BEGIN
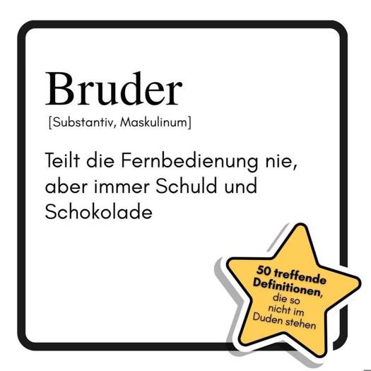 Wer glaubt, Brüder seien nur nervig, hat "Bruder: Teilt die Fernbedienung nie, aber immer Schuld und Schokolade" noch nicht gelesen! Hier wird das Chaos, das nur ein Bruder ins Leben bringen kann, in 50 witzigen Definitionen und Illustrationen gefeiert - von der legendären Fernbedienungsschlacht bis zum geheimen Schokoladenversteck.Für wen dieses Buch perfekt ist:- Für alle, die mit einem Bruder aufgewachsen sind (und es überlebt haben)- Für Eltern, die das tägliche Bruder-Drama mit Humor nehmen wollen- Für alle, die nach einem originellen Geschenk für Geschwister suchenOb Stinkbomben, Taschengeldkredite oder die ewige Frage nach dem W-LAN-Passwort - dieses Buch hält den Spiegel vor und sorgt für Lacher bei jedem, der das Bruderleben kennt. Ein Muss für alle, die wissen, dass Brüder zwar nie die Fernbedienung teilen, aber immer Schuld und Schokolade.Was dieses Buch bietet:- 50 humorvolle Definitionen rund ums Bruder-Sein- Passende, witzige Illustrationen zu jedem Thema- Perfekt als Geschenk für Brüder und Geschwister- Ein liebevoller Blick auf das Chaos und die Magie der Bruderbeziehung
END
BEGIN
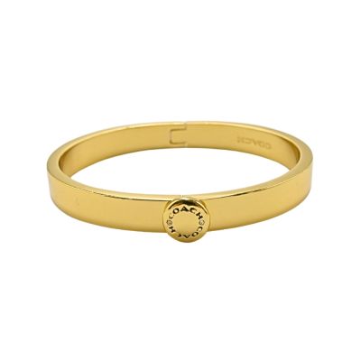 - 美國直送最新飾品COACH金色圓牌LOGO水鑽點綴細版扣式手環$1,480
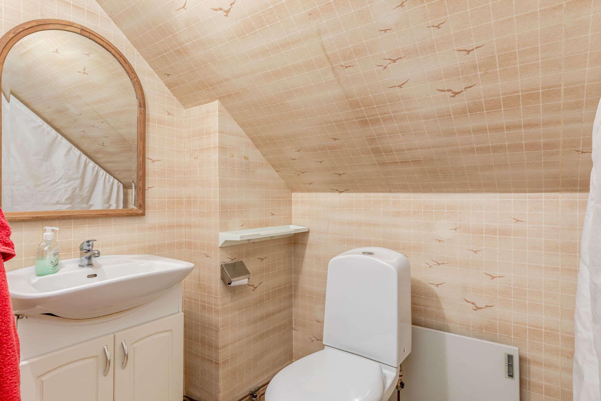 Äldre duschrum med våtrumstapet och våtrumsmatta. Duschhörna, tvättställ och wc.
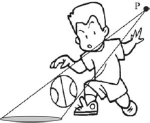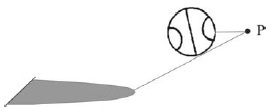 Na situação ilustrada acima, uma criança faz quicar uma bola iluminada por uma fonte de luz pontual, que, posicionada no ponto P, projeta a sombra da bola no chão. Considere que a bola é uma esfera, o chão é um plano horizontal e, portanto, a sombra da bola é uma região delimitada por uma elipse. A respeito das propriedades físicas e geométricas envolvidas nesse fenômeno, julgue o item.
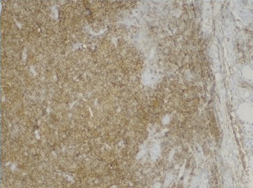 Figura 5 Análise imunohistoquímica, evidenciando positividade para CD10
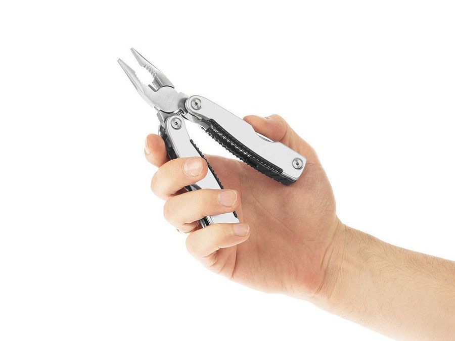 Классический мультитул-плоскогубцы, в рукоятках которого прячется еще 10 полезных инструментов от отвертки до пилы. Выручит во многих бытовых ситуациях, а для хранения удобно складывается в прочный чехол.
END
BEGIN
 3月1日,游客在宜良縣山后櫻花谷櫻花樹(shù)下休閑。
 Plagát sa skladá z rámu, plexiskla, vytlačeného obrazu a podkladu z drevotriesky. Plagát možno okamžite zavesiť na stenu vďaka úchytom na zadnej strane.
END
| What to do |
Copy nothing but the lines above from the one with "Na situação ilustrada" to the one with "Классический мультитул-плоскогубцы, в", inclusive, word for word. Leave every picture out.

| Written response |
 Na situação ilustrada acima, uma criança faz quicar uma bola iluminada por uma fonte de luz pontual, que, posicionada no ponto P, projeta a sombra da bola no chão. Considere que a bola é uma esfera, o chão é um plano horizontal e, portanto, a sombra da bola é uma região delimitada por uma elipse. A respeito das propriedades físicas e geométricas envolvidas nesse fenômeno, julgue o item.
 Figura 5 Análise imunohistoquímica, evidenciando positividade para CD10
 Классический мультитул-плоскогубцы, в рукоятках которого прячется еще 10 полезных инструментов от отвертки до пилы. Выручит во многих бытовых ситуациях, а для хранения удобно складывается в прочный чехол.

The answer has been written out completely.